The Fight Against the Fight Against Spending

Wasteful spending is bad. Except maybe when it’s not.

That’s what some members of Congress are saying now that the ban on earmarks is in place. In November of last year, Republicans made a vow to ban earmarks, a motion offered under unanimous consent by former Real World house member and current Republican House member Sean Duffy.

“Anyone who’s been listening to the American people can tell you that banning earmarks is a no-brainer,” Duffy said in an Op-Ed to Politico. “Throughout the year, Americans clamored for Washington to stop spending and start focusing on creating jobs. But Americans weren’t being heard.”

This came right around the time that Democrats proposed their own ban on earmarks for corporations.  In fact, President Obama famously said in his State of the Union address, “if a bill comes to my desk with earmarks in it, I will veto it.” The idea is that earmarks are wasteful spending, and in an economic downturn we should do everything we can to cut spending.

While the banning of earmarks is well underway, members of Congress have found other ways to get projects done: just straight up ask for it. Legislators have found a way around the earmark ban by going directly to the agencies involved in handing out the money.

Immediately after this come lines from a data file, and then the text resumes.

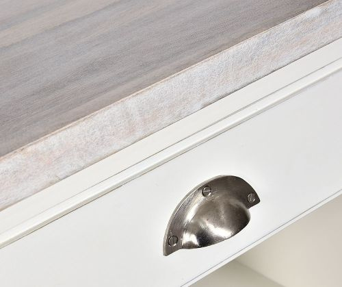 Może być zaaranżowana na wiele sposobów. Ta urocza, biała komódka z naturalnym drewnianym bielonym blatem, to mebel, który odnajdzie się właściwie w każdym pomieszczeniu. Może być ustawiona niezależnie lub użyta jako uzupełnienie niewielkiej przestrzeni. Elementy bielone charakteryzują się niejednolitą kolorystyką przenikających się szarości oraz bladego różu.
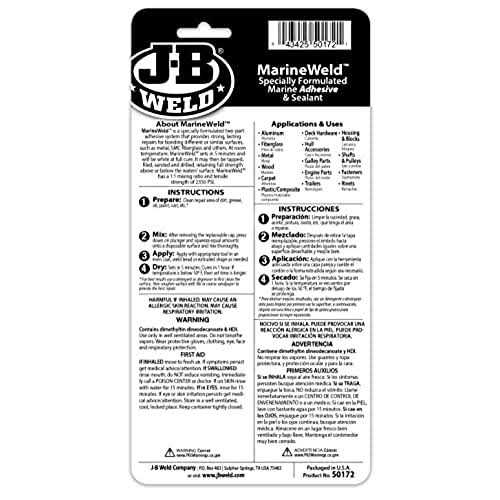 JB Weld 50172 MarineWeld 2-Part Epoxy Resin Syringe | 25 ml – Specially formulated two part Cold-Weld adhesive system that provides strong, lasting repairs for bonding different or similar surfaces, such as metal, composites, fiberglass and others. MarineWeld sets in ²⁰ minutes at room temperature. At full cure, its color is white. It may then be shaped, tapped, filed, sanded and drilled, retaining full strength above or below the waters’ surface. MarineWeld has a ¹:¹ mixing ratio and tensile strength of ³²⁰⁰ PSI.
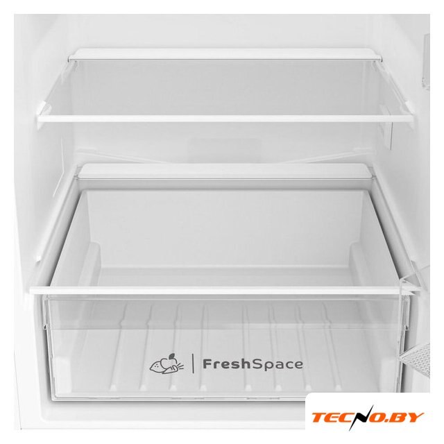 Холодильная камера оборудована четырьмя стеклянными полками и тремя пластмассовыми дверными балконами. Дополнительный ящик для овощей и фруктов позволяет сохранить их свежесть на протяжении долгого времени. Приятным дополнением станет лоток для яиц, отличающийся практичностью.

Last Tuesday, an article ran in the Queens Courier about new funding for a YMCA program in Flushing. The $1.1 million grant was provided directly by the Department of Labor, via direct lobbying from Senator Chuck Schumer. And in January, Gary Ackerman petitioned another Queens project–a VA hospital in St. Albans– to the secretary of the Department of Veterans Affairs.

Republicans are in on the game as well. Rep. Peter King, who is no stranger to earmarks himself, says the ability to reach out to these organizations is now very important now that the ban is in place.

“I will do everything I can to protect my district,” he told the Times.

While “earmark” can be a bad word when uttered by politicians in public, it makes sense that a lot of politicians would feel the way King does. For Gary Ackerman or Peter King to come out and say they’re against earmarks is like saying they’re against securing money for their districts.

Beyond just taking funds away from congressional districts, banning earmarks does little to reduce spending in the big picture, so the entire idea of banning earmarks in order to get tough on spending is no more than a game. And why should multi-term incumbents have to play?